* [TASK GOAL] Return the following from the records below: each line, word for word, starting with the line that contains "ESR118690 World Map" and going on through the line that contains "She is the first", with nothing outside that range.

□ □ □ □

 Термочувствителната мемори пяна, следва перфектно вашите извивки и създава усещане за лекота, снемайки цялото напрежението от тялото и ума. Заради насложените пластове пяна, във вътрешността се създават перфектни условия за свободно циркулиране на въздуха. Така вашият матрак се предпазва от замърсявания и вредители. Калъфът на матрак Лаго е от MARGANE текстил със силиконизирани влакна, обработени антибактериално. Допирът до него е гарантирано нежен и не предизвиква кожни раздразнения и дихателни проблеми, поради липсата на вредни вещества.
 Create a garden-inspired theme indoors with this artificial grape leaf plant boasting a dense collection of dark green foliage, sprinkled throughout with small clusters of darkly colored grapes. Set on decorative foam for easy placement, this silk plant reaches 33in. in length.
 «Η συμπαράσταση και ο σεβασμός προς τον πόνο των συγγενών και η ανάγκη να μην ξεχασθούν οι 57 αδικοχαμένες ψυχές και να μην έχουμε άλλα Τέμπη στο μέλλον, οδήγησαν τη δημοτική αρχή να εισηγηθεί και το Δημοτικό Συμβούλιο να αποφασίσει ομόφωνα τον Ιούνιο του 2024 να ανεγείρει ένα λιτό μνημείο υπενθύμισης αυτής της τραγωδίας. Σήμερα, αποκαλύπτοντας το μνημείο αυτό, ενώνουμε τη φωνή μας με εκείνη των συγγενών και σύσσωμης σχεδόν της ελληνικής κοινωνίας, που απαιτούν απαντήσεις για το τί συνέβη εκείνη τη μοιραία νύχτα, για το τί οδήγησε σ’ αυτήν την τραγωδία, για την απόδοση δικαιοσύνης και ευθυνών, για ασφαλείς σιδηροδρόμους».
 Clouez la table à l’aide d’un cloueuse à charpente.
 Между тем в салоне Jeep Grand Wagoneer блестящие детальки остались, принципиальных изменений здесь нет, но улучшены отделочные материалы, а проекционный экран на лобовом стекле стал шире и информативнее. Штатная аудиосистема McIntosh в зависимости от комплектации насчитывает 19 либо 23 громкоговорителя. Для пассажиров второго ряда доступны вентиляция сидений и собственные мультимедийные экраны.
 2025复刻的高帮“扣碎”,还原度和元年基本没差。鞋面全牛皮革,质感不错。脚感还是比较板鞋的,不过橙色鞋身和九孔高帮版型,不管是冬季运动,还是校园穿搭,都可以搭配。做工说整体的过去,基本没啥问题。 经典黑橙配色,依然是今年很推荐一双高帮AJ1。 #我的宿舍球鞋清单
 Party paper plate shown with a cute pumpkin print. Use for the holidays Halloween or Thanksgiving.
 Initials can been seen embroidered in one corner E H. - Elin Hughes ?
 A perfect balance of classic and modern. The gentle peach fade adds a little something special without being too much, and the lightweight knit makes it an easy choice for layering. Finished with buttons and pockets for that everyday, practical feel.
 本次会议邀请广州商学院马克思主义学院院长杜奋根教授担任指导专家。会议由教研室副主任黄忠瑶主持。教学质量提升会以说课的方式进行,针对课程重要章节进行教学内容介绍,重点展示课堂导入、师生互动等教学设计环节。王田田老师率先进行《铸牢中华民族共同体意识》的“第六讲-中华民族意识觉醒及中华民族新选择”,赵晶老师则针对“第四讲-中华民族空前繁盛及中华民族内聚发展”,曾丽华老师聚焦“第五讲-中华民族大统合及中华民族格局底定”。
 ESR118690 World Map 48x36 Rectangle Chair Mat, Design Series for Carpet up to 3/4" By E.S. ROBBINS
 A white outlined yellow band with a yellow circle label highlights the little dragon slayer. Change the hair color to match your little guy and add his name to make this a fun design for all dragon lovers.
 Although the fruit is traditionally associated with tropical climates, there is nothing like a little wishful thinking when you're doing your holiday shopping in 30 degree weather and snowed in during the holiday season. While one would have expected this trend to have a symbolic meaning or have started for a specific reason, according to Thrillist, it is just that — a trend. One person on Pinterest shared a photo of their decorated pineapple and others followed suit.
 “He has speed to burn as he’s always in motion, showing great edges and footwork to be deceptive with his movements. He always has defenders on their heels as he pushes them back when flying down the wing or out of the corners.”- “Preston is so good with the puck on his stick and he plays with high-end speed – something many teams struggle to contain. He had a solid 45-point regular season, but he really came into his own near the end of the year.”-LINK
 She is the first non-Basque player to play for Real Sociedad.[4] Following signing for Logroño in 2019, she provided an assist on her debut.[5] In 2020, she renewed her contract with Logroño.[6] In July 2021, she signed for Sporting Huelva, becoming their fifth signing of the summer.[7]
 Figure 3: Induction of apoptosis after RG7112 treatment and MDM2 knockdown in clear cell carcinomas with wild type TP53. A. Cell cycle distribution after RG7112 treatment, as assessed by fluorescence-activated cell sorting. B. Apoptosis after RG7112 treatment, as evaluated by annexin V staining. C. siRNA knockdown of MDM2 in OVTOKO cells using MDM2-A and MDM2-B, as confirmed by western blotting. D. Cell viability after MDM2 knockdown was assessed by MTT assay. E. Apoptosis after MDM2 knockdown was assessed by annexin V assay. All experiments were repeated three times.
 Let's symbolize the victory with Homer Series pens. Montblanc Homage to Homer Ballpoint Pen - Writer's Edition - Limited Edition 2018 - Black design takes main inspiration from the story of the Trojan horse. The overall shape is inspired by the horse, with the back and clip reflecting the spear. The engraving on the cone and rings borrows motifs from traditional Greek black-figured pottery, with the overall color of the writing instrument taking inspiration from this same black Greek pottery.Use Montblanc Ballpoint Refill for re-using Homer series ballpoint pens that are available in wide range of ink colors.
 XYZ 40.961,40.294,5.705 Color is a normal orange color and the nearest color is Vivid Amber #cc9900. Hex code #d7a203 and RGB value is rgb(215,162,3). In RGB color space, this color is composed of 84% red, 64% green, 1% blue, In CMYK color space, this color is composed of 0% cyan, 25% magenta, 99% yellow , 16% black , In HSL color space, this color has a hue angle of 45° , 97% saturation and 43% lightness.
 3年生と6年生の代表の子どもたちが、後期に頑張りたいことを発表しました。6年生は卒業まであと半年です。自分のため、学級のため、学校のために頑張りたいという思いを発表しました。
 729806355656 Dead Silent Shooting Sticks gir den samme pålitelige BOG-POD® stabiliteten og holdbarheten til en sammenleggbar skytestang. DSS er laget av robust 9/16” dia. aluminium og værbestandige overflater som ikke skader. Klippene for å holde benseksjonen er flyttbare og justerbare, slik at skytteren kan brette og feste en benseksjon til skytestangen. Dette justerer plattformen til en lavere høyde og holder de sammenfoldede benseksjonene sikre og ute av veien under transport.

□ □ □ □

* [SOLUTION TO THIS PROBLEM]
 ESR118690 World Map 48x36 Rectangle Chair Mat, Design Series for Carpet up to 3/4" By E.S. ROBBINS
 A white outlined yellow band with a yellow circle label highlights the little dragon slayer. Change the hair color to match your little guy and add his name to make this a fun design for all dragon lovers.
 Although the fruit is traditionally associated with tropical climates, there is nothing like a little wishful thinking when you're doing your holiday shopping in 30 degree weather and snowed in during the holiday season. While one would have expected this trend to have a symbolic meaning or have started for a specific reason, according to Thrillist, it is just that — a trend. One person on Pinterest shared a photo of their decorated pineapple and others followed suit.
 “He has speed to burn as he’s always in motion, showing great edges and footwork to be deceptive with his movements. He always has defenders on their heels as he pushes them back when flying down the wing or out of the corners.”- “Preston is so good with the puck on his stick and he plays with high-end speed – something many teams struggle to contain. He had a solid 45-point regular season, but he really came into his own near the end of the year.”-LINK
 She is the first non-Basque player to play for Real Sociedad.[4] Following signing for Logroño in 2019, she provided an assist on her debut.[5] In 2020, she renewed her contract with Logroño.[6] In July 2021, she signed for Sporting Huelva, becoming their fifth signing of the summer.[7]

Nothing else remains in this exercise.